As Arc has previously been implicated in AMPAR trafficking, we recorded mEPSCs as a measure of the level of synaptic AMPARs in Arc-manipulated Purkinje cells together with induction of chemical LTD. Baseline mEPSC amplitudes were normal in Arc−/− neurons (Arc+/+, 30 ± 5.6 pA at t = 0 min; Arc−/−, 35 ± 4.7 pA, n = 10 cells/group; Fig. 2b), as was the early phase of chemical LTD (Arc+/+, 14 ± 5.6 pA; Arc−/−, 17 ± 7.0 pA at t = 30 min), but late-phase LTD was again substantially attenuated (Arc+/+, 16 ± 6.6 pA; Arc−/−, 37 ± 5.9 pA at t = 90 min). Expression of the Arc ORF plasmid in Arc−/− neurons led to a substantial decrease in baseline mEPSC amplitudes (17 ± 4.3 pA at t = 0 min, n = 10 cells). Moreover, PDA treatment failed to induce a further decrease in mEPSC amplitude when the Arc ORF was present (16 ± 7.9 pA at t = 30 min and 15 ± 7.0 pA at t = 90 min), suggesting that overexpression of the Arc ORF occludes both the early and late phases of LTD by decreasing AMPAR-mediated synaptic transmission. Similar results were obtained when the Arc ORF was expressed in cultures derived from wild-type mice (Supplementary Fig. 3).

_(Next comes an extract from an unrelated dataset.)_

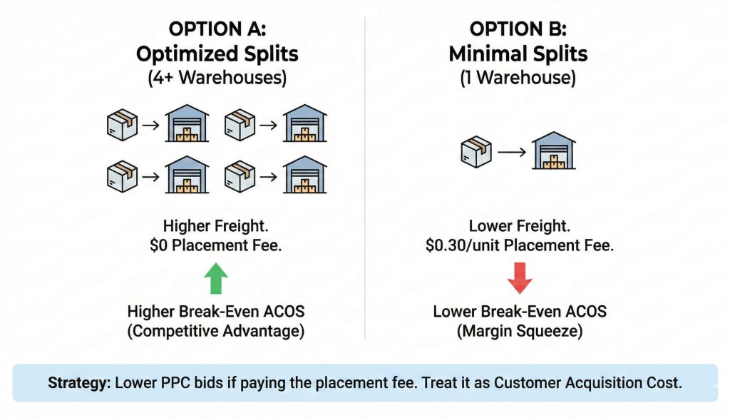 It increases your Cost of Goods Sold (COGS). If you pay an average of $0.30 per unit in placement fees, your profit margin decreases by that amount. This means your Break-Even ACOS is lower. If you don’t lower your PPC ACOS target to match, you will burn cash.

It has previously been shown that Arc overexpression decreases surface AMPARs and AMPAR currents in hippocampal neurons via its interaction with endophilin and dynamin22,25. To test whether these interactions were also required for Arc-mediated depression of mEPSCs in Purkinje neurons, we expressed Arc internal deletion mutant constructs that do not interact with dynamin (ArcΔ194–215) and endophilin (ArcΔ91–100). Expression of these Arc constructs in wild-type mouse cultures had no effect on the expression of late-phase LTD evoked by glutamate and depolarization pairing (ArcΔ194–215, 56 ± 8.0% of baseline at t = 120 min, n = 6 cells; ArcΔ91–100, 51 ± 8.0%, n = 7 cells; Supplementary Fig. 3) or on baseline mEPSCs and chemical LTD (Supplementary Fig. 3), suggesting that Arc’s effects on AMPAR function are conserved in Purkinje neurons.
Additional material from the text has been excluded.